Step 5: Install Codex CLI (required)

Codex CLI is required for the full workflow. It powers three core phases:

  • Design review — independent validation of your plan before any code is written
  • First-pass code review (/codex review) — runs before the deep /pr-review-toolkit:review-pr pass
  • Engineering Council — Codex is the chairman plus 2 of the 5 advisor roles (3 total)

Without Codex, those phases degrade to manual user review. The workflow still runs, but you lose the independent second opinion that catches issues Claude missed.

macOS / Linux:

# Option A: npm (requires Node.js 22+)
npm install -g @openai/codex

# Option B: Homebrew (macOS only — no Node.js dependency)
brew install --cask codex

Windows (via WSL2 — recommended):

# Inside WSL:
npm install -g @openai/codex

Windows note: Native Windows support is experimental. OpenAI recommends WSL2 for the best experience. See Codex Windows guide for details.

Authenticate (all platforms):

codex          # Opens browser to sign in (requires ChatGPT Plus/Pro/Business/Enterprise)

Or with an API key:

codex login --with-api-key

Verify:

codex --version   # Should show version 0.101.0+

No Codex available? The workflow still runs — Claude presents design plans to you for manual review, and the /codex review and Engineering Council steps fall back to user-led review. You lose the independent second opinion but nothing is blocked.

Step 6: Verify setup

Inside Claude Code, run:

/hooks       → Should show: SessionStart, Stop, PreToolUse, PostToolUse, PreCompact, SubagentStop, ConfigChange
/help        → Should show: /superpowers:*, /new-feature, /fix-bug, /prd:*
/memory      → Should show your auto memory directory

Done!
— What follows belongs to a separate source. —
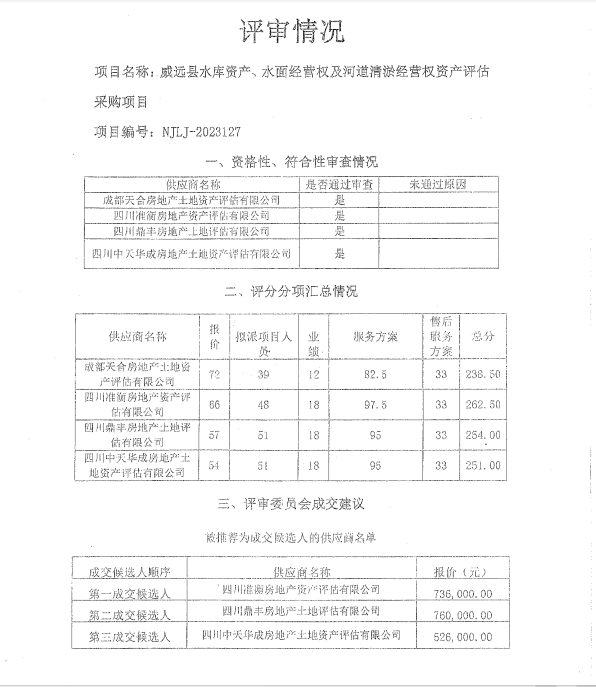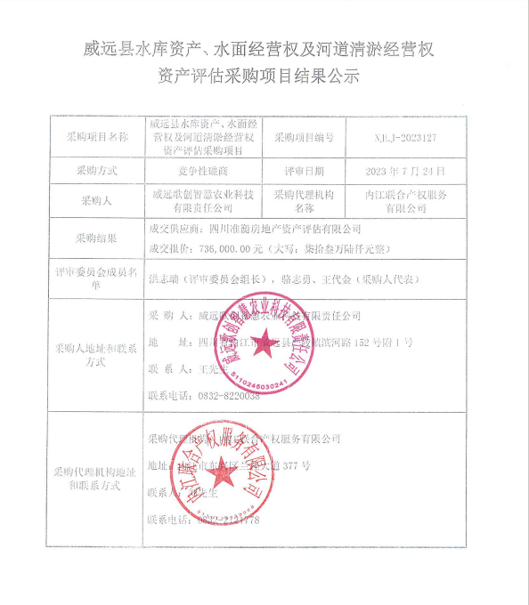 威遠(yuǎn)縣水庫(kù)資產(chǎn)、水面經(jīng)營(yíng)權(quán)及河道清淤經(jīng)營(yíng)權(quán)資產(chǎn)評(píng)估采購(gòu)項(xiàng)目結(jié)果公示

Now use /new-feature my-feature to start your first guided workflow. See Workflow Overview for the full process and Commands Reference for all available commands.
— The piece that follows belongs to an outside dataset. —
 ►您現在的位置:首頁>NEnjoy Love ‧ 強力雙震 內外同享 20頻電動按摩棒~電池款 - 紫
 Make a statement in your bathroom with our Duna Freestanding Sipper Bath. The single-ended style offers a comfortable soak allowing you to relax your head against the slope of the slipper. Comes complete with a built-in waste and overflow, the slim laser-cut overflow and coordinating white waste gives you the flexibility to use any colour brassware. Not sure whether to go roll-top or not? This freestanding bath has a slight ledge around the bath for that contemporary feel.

Upgrading (existing projects)

Already have the templates installed? Pull the latest and upgrade:

cd ~/claude-codex-forge && git pull
cd /path/to/your/project
~/claude-codex-forge/setup.sh --upgrade

This updates all hooks, commands, and rules while safely merging new settings into your existing settings.json and .mcp.json. Your customizations are preserved. See Upgrading for details.